Creates a Rich Table representing the game grid.
Args:
state (dict): Game state
Returns:
Table: Styled Rich table
"""
grid = state['grid']
# Create table without headers
table = Table(show_header=False, show_edge=True, show_lines=True, pad_edge=False,
box=rich.box.HEAVY_EDGE, padding=(0, 0))
# Add columns
for _ in range(len(grid)):
table.add_column(justify="center", width=6)
# Add rows with styled tiles
for row in grid:
styled_cells = []
for value in row:
if value == 0:
# Empty cell
cell = Text("·", style=get_tile_style(0))
else:
# Tile with value
cell = Text(str(value), style=get_tile_style(value))
styled_cells.append(cell)
table.add_row(*styled_cells)
return table
Tests to perform:
The following function allow you to create a test grid and display it on a terminal. Remember, you should use a terminal to execute your programm. Do not use the run current script buton (green arrow).
def test_grid_display():
"""
Test function to display a sample grid.
"""
state = {
'grid': [
[2, 0, 0, 2],
[4, 4, 0, 0],
[0, 0, 8, 8],
[16, 0, 0, 16]
],
'score': 0,
'game_over': False
}
console = create_console() # Create a console instance
table = create_grid_table(state) # Create the grid table
console.clear() # Clear the console
console.print(table) # Print the table to the console
You should see something like that.
35. Part 3: The Controller (Interaction Management)#
You have now all functionalities to implement the controller of the game.
35.1. Step 3.1: Keyboard Input Management with Blessed#
Goal: Create a controller.py module and use functions from model and view to implement the game.
To Implement:
import model
import view
def game_loop():
"""
Main game loop for 2048. Create a new game state, add two initial tiles,
and repeatedly get player input to play moves until the game is over.
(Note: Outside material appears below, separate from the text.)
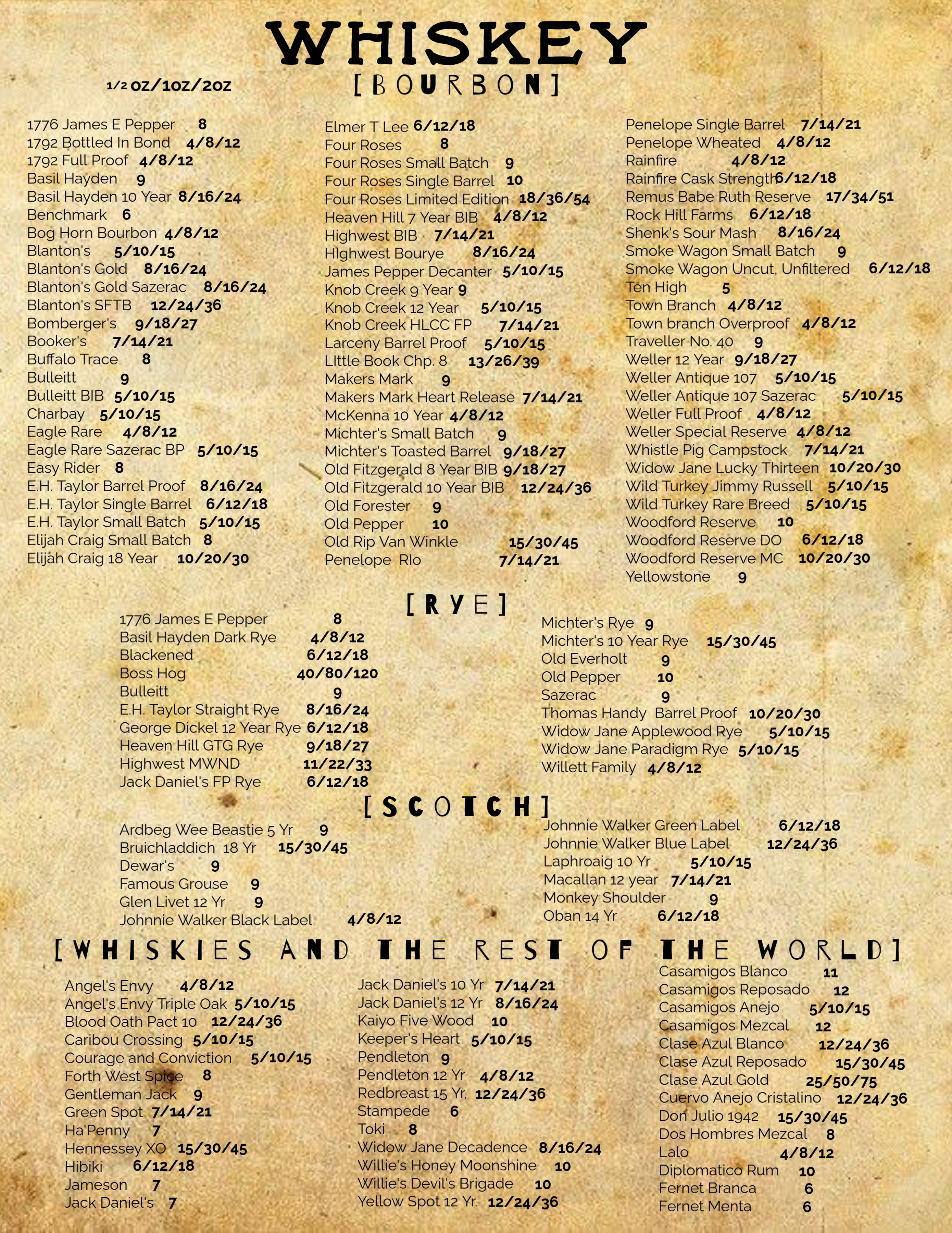 Current whiskey menu listed below but check with us in house for some that haven't made it on yet

Then quits and display the player score.
:return:
"""
pass
---------------------------------------------------------------------------
ModuleNotFoundError Traceback (most recent call last)
Cell In[8], line 1
----> 1 import model
2 import view
4 def game_loop():
ModuleNotFoundError: No module named 'model'
36. Part 4: Show your skills#
Your project is now complete in its minimal version.
You can now show your capabilities. You can implement any new features you choose. For example:
The ability to quit and resume a game later with a save file.
A high score table that is saved between launches.
A graphical interface using Pygame.
An AI that plays for you.
…
However, here are a few constraints:
The model/view/controller structure must be maintained.
The model must not change unless a specific reason is provided. It can, however, be expanded.
Documentation in the form of a README.txt file must document and explain the features you have chosen to implement.
At the end of your work, you will upload the directory containing all your source code and documentation in ZIP format (only zip, no 7zip or rar, or anything else). You will find on EDUNAO a link to upload your project. The deadline is the 4th january 2026 at 23h59.